I rarely watch Fox (though their coverage of the Haitian earthquake was fairly well done), but read what they say. I've written too much already on Beck and Limbaugh and Palin and get tired of repeating myself. On the other hand, I watch CSNBC all the time. Matthews and Olberman and Maddow, but sometimes they piss me off. Of course, Matthews doesn't let anyone finish a sentence. It's a bit like not allowing the batter to swing at the hardball after the ball's been caught. You know, the batter is constantly check-swinging as Matthews answers his own question while waiting for the guest to answer the question he's already answered. What's the point? Just walk the batter and move on. It took me a long time before I could appreciate Olbermann as a political analyst and not a sports broadcaster. When that was finally accomplished, what tends to annoy me now is that he constantly brings the same people on his show. The Friends of Countdown. If I hear him pitch Richard Wolffe's book, Renegade: The Making of a President, one more time, I'll puke. Okay, I got it the 35th time and if I want to buy the book, I will. After all, it's been over a year since it came out. Then there's Chris Cillizzi who every time he's introduced gives a rather sheepish smile as if to say, "Look, mom, I'm on TV." Lawrence O'Donnell is more than an adequate replacement for Olbermann, especially when he gets indignant and you can see his jaw tighten as if he has a TMJ problem. I'm a big fan of Eugene Robinson, but I wish they'd quit introducing him as the Pulitzer Prize winning journalist for the Washington Post. It's almost as if they're pronouncing the fact that, "Look African-Americans can win Pulitzer Prizes too." Maddow is terrific except when she morphs into that schoolgirl giggle and declares she doesn't have an agenda (wink, wink, nod, nod) since everyone has an agenda even if they don't have one.

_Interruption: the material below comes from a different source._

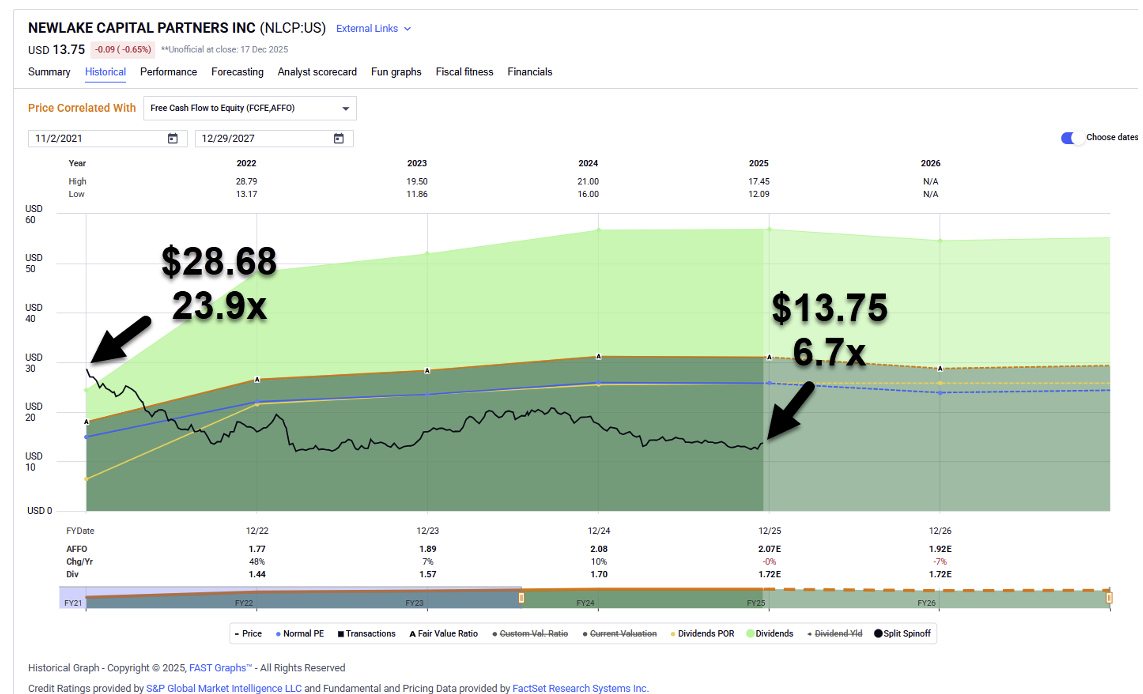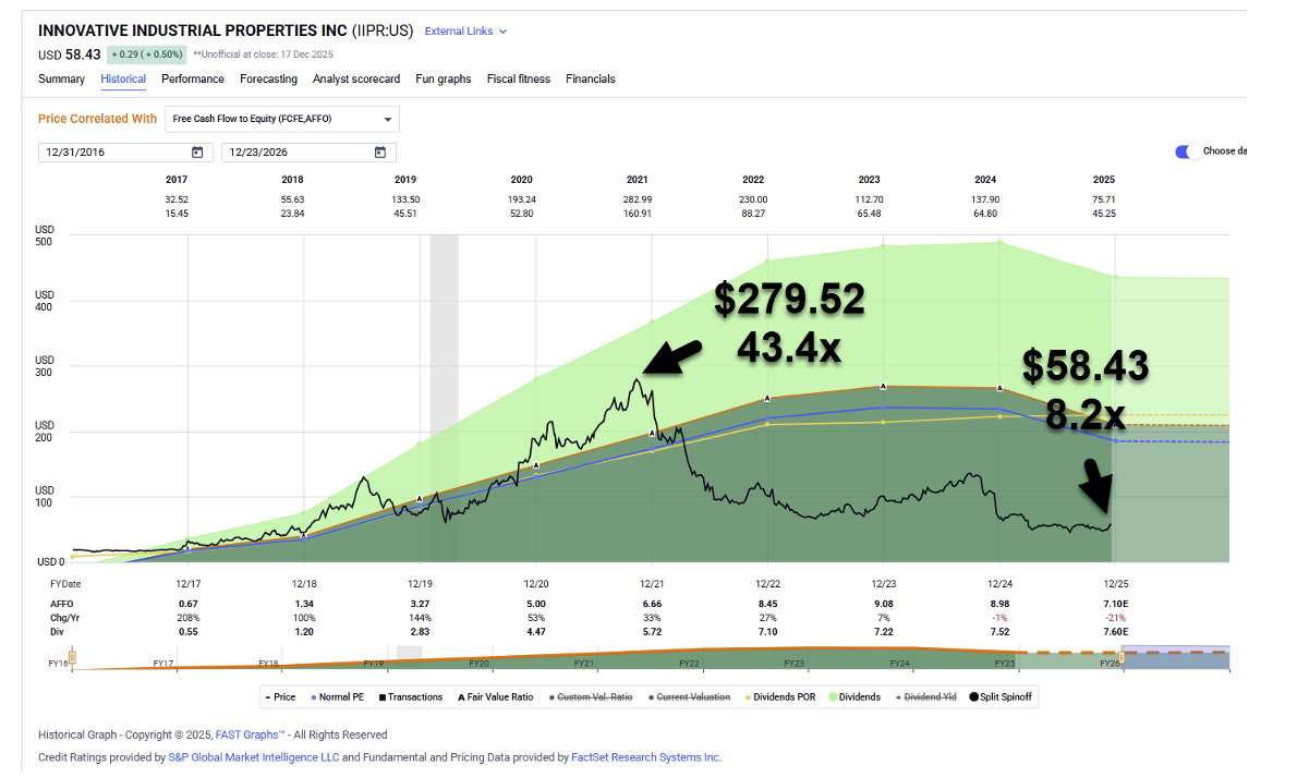 But as the FAST Graphs chart also shows, it didn’t live up to that hype. Shares have since tanked to $58.43, with a price-to-AFFO (P/AFFO) multiple of 8.2 times.
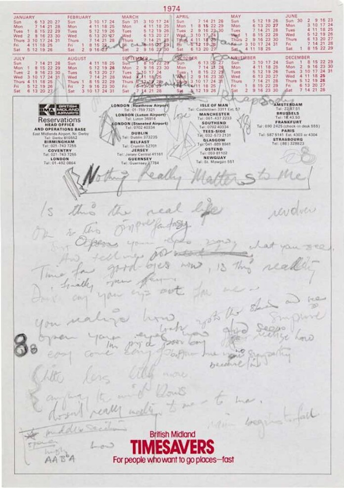 Freddie Mercury’s autograph working lyrics for Bohemian Rhapsody (1974) SWNS / Sotheby’s London

But what I find most disconcerting, puzzling actually, is the fact that if one listens closely to any of these shows one hears the same buzzwords and many of them are used synonymously. Words like: Radicals, Leftists, Progressives, Liberals, Centrists, Rightists, Libertarians, Conservatives, Neocons, Teabaggers, Reactionaries. In order to alleviate any misunderstandings about where people stand politically, I suggest the government should look into the possibility of issuing armbands to all US citizens in an attempt to clarify their respective political positions. These arm bands could be color-coded so everyone will know what everyone else's political position is. Failing that, I'm sure private corporations could advocate producing them on their own suggesting that government is too big already. And how does one "shrink government" with a population that's over 300 million?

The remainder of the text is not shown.